RECORDED INFORMATION
┄┄┄┄┄┄┄┄┄┄┄┄┄┄┄┄┄┄┄┄
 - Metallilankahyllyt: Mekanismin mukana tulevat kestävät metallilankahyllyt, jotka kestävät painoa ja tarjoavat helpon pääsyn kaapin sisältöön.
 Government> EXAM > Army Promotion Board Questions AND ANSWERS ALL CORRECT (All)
┄┄┄┄┄┄┄┄┄┄┄┄┄┄┄┄┄┄┄┄
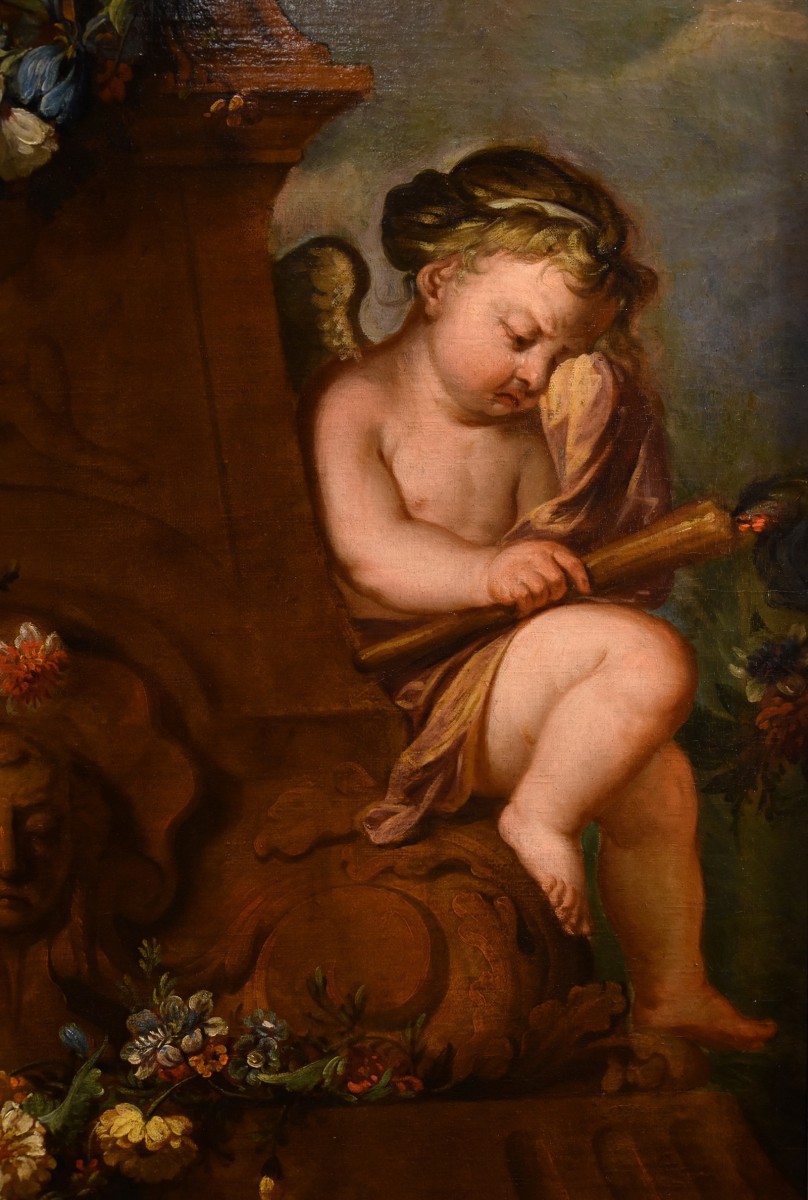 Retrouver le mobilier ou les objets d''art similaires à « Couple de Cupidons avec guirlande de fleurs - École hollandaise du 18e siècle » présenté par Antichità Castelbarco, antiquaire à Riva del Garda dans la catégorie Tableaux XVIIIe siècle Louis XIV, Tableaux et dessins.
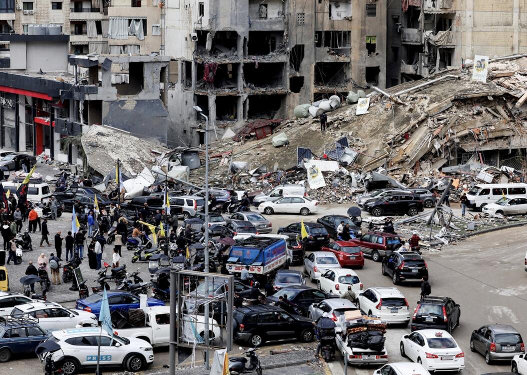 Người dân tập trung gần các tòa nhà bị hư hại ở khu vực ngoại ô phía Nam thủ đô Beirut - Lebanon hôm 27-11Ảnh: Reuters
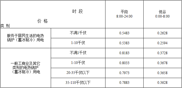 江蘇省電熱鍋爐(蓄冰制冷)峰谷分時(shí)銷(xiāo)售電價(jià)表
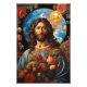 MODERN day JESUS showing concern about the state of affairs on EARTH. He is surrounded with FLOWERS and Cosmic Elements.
┄┄┄┄┄┄┄┄┄┄┄┄┄┄┄┄┄┄┄┄
EXERCISE REQUIREMENTS
Start at the line containing "江蘇省電熱鍋爐(蓄冰制冷)峰谷分時(shí)銷(xiāo)售電價(jià)表" above and stop at the line containing "MODERN day JESUS". Output those lines exactly, both included, but none of the pictures.

ANSWER FOR THE TASK
 江蘇省電熱鍋爐(蓄冰制冷)峰谷分時(shí)銷(xiāo)售電價(jià)表
 MODERN day JESUS showing concern about the state of affairs on EARTH. He is surrounded with FLOWERS and Cosmic Elements.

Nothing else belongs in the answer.